OpenVPN Connect Profile Configuration

Example "OpenVPN Connect" Profile for TDA

Written by Fernando

Last published at: October 18th, 2024

When deploying OpenVPN Connect as Software Package using our Management Console, you will need to add the below configuration to ensure that OpenVPN Connect runs normally when AEP (v7.5) or Process Security (v8) are enabled.

Please note that the below configuration does not apply to version 7.4 or below.

AEP Rules for v7.5

Under Application Execution Prevention > Add New Rule

Rule Name: OpenVPN

Rule Enabled: Checked

Action: Allow

Certificate Trusted Is: True

AND Certificate Issued To Is: OpenVPN Inc.

AND Certificate Thumbprint Is: 185AE9E969E8BDF18C346FE5077A173FA1AD7FD9

 

Under Process Execution Security > Create New Rule

Rule Name: OpenVPN

Rule Enabled: Checked

Action:

  • Duplicate Handle
  • Dual Persona Volume Read
  • Dual Persona Volume Write
  • Dual Persona Other Volume Write

Image Name Ends With: \agent_ovpnconnect.exe

OR Image Name Ends With: \ovpnconnector.exe

 

Under Service Execution Prevention > Add New Rule

Rule Name: OpenVPN

Rule Enabled: Checked

Action: Restart

 

Service Name Is: FA_Scheduler

OR Service Name Is: agent_ovpnconnect

OR Service Name Is: ovpnhelper_service

Rule Applies to: Startup SEP Checks

Click OK

Save Profile

 
 

Process Security for v8 OnPrem

Edit your desired TDA Profile

Go to Process Security > Right click on the blank space > Add

Rule Name: SET: OpenVPN Connect

Select New Process Set:

 

Set Name: SET: OpenVPN Connect

Identity Rules > Right Click > Add New

Rule Name: IDENTITY: OpenVPN Connect

Certificate Trusted Is: True

AND Certificate Issued To Is: OpenVPN Inc.

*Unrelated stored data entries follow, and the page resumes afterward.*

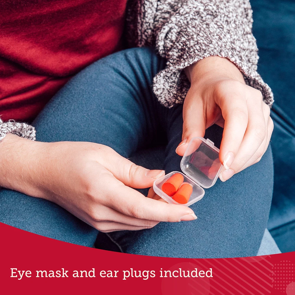 Custom Memory Foam Support: Memory foam rebound technology provides the perfect balance of support and softness, contouring to your head to take the strain off your neck and spine while you travel. Bendable Twist Design for Personalized Fit: A pliable inner spine allows you to wrap your pillow to fit any travel situation and holds its shape while you sleep! Use your pillow on car or airplane headrest as neck, lumbar, or leg support. Removable Pillow Cover for Easy Cleaning: Traveling can be messy. so a fast and easy-to-clean travel pillow is a must. The pillow comes with a removable cover that is machine washable and dryer safe! Attaches to Luggage Instantly: Forget trying to balance your , coffee, plane tickets, and travel pillow all at once. Never lose another travel pillow again! Neck Pillows attach to luggage with an easy-snap button for hands-free mobility. Comes with Eye & Ear Plugs: Includes a light-blocking eye and noise-canceling earplugs to help your body adjust to time changes and avoid jet lag. If you aren’t satisfied with your purchase, let us know and we’ll work with you until you are.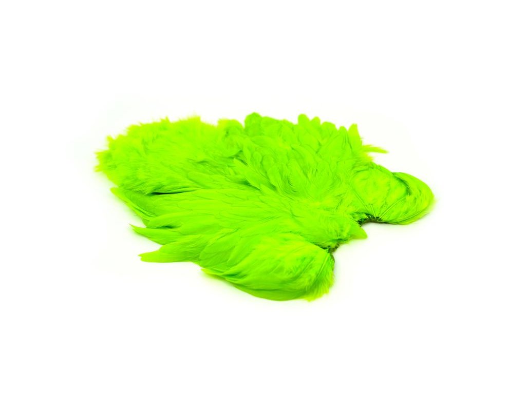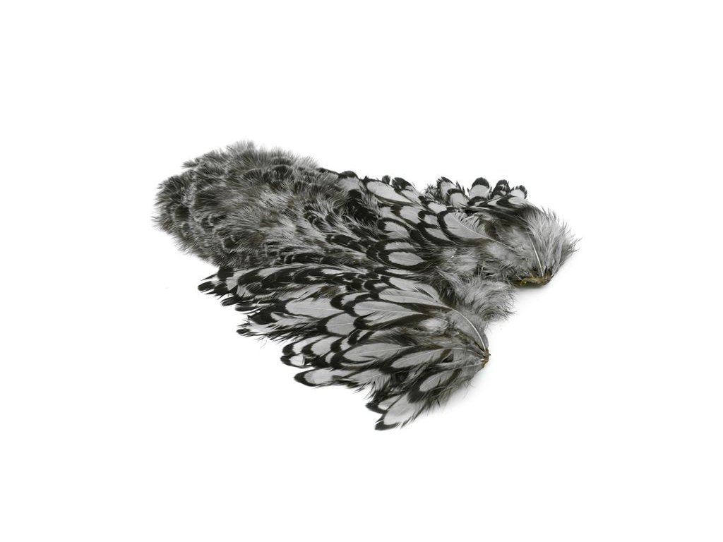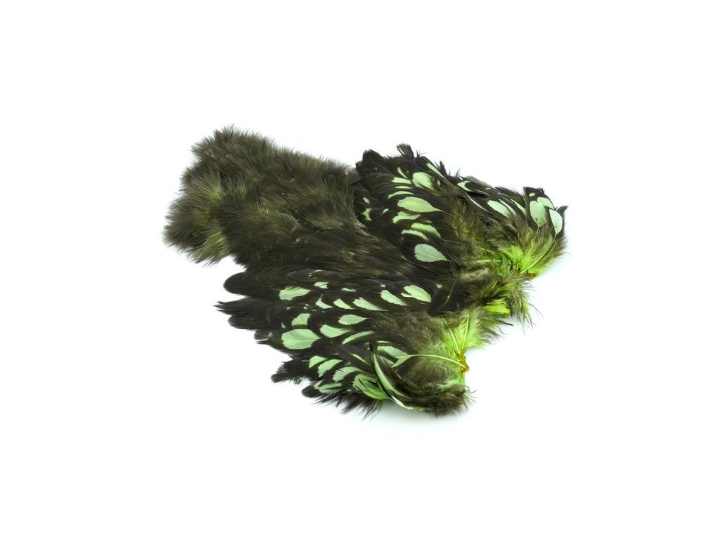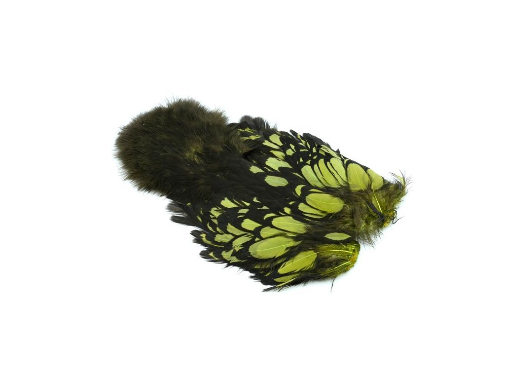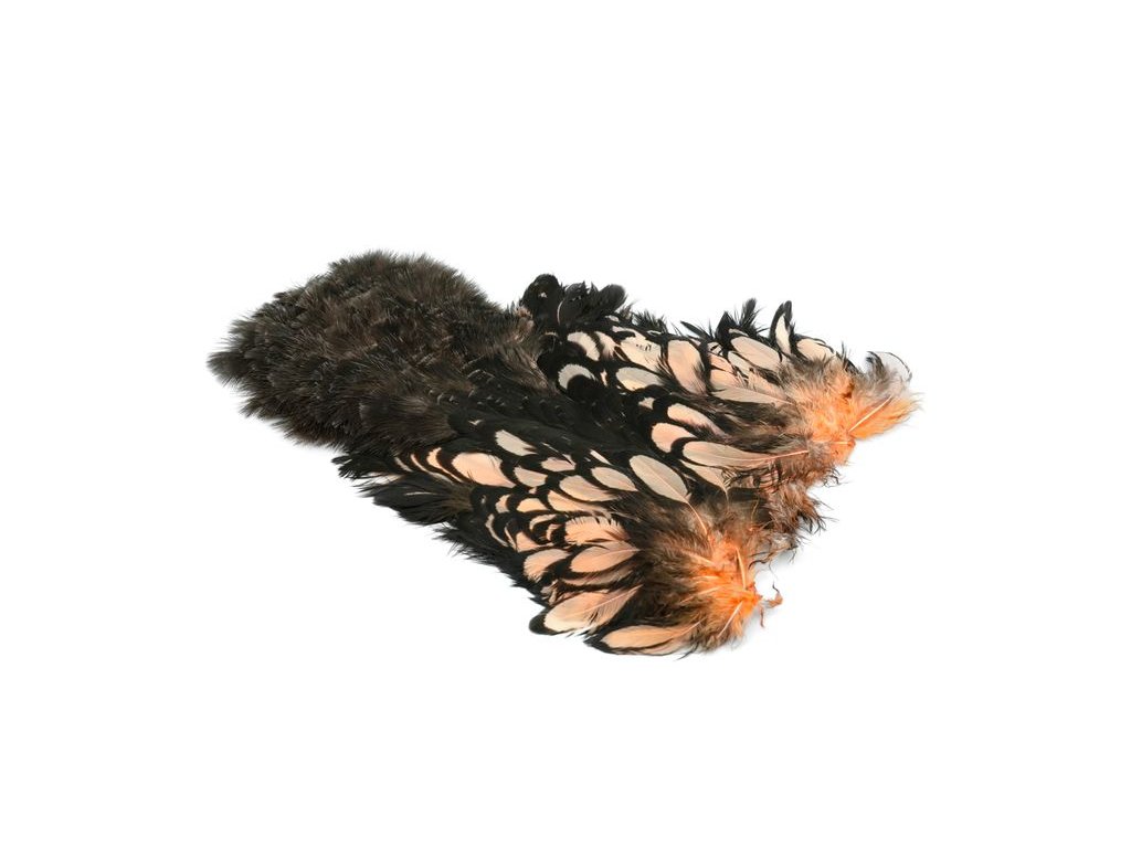 Subsurface flies which incorporate feathers can create some of the most attractive and effective fishing flies. The Whiting Farms Soft Hackle with Chickabou pelt provides two distinct types of feathers for these exceptional subsurface flies, each with a multitude of applications. Soft Hackle: The Top portion of the pelt contains two panels of full web, Matuka type, wet fly feathers. The feathers on either panel are mirror images of one another and so can be paired for balanced opposing sides of the fly. These feathers, when used full, are ideal for Matuka and Sculpin flies. They are also great for shorter tarpon and saltwater flies, and full feather bass and panfish flies. They are also excellent for wrapped hackle applications for steelhead and salmon flies. Chickabou: The marabou-like feathers at the narrow end of the pelt are much finer and more delicate than traditional turkey marabou, which tends to be too large and coarse for many flies. Chickabou can be used in two basic ways. Tied in as tails on Wolly Buggers or as body material for incredibly alive, breathing and undulating motion.
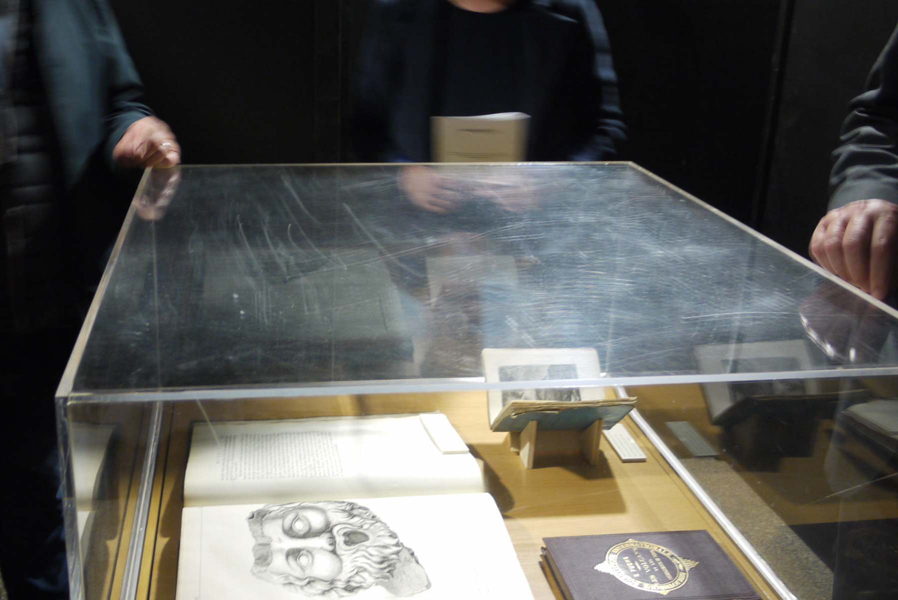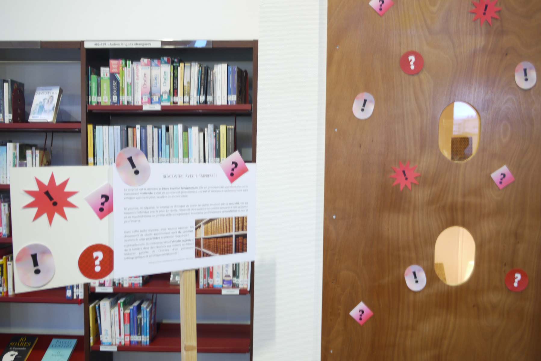 L’exposition est visible dès le hall de la médiathèque, mais est également dispersée dans les étages, dans un parcours traversant les différentes pièces. Dans le hall, deux émotions sont représentées sous des sphères, la tristesse, et l’esprit festif. Pour cette dernière, Amandine souligne que des archives de Lamartine ont été utilisées, ce qui est plutôt surprenant. À l’étage, sous forme de pièces ou box, trois autres émotions sont exposées : la peur, la colère et la surprise. On peut notamment citer dans la représentation de la peur une archive des écorchés, première représentation de l’anatomie humaine. Pour la dernière émotion, celle de la surprise, sont présentés des archives exclusives, très peu connues.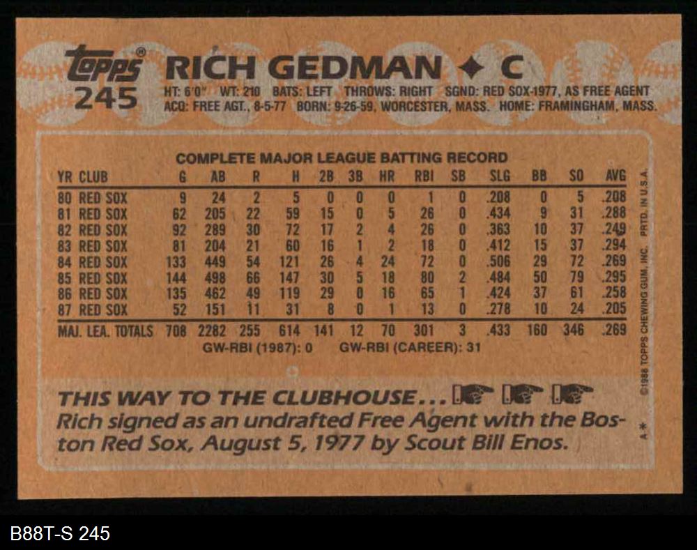 1988 Topps #245 Rich Gedman 8 - NM/MT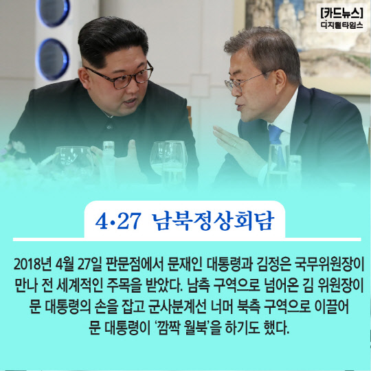 2018년 4월 27일 판문점에서 문재인 대통령과 김정은 국무위원장이 만나 전 세계적인 주목을 받았다. 남측 구역으로 넘어온 김 위원장이 문 대통령의 손을 잡고 군사분계선 너머 북측 구역으로 이끌어 문 대통령이 '깜짝 월북'을 하기도 했다.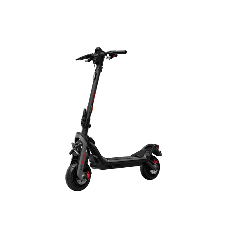 Segway GT3 E. Sospensione anteriore idraulica e posteriore a bracci oscillanti, autonom. fino 95 km. Pneumatici larghi da 11”. Doppio freno a disco con ABS, TCS, IPX6, Apple Find My, sblocco a distanza, display connesso, carica veloce. Pot. max 2400W, peso 39,5 kg. Carico 150 kg, v.max 25 km/h.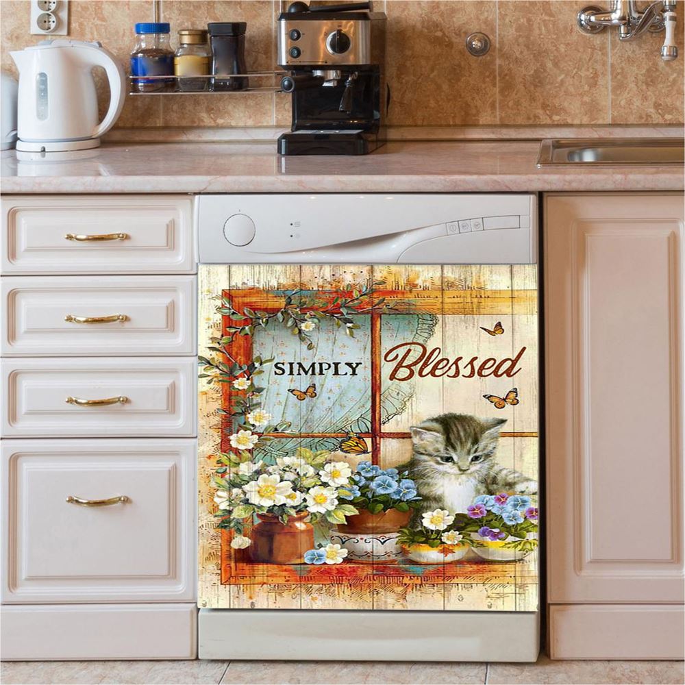 Simply Blessed Cat Butterfly Dishwasher Cover, Inspirational Dishwasher Wrap, Christian Kitchen Decoration

AND Certificate Thumbprint Is: 185AE9E969E8BDF18C346FE5077A173FA1AD7FD9

 

Rule Name: IDENTITY: OpenVPN Connect: cmd

Is Parent Same Session Is: True

AND Certificate Trusted Is: True

AND File Description Is: Windows Command Processor

 

Parent Process Rule:

Certificate Trusted Is: True

AND Certificate Issued To Is: OpenVPN Inc.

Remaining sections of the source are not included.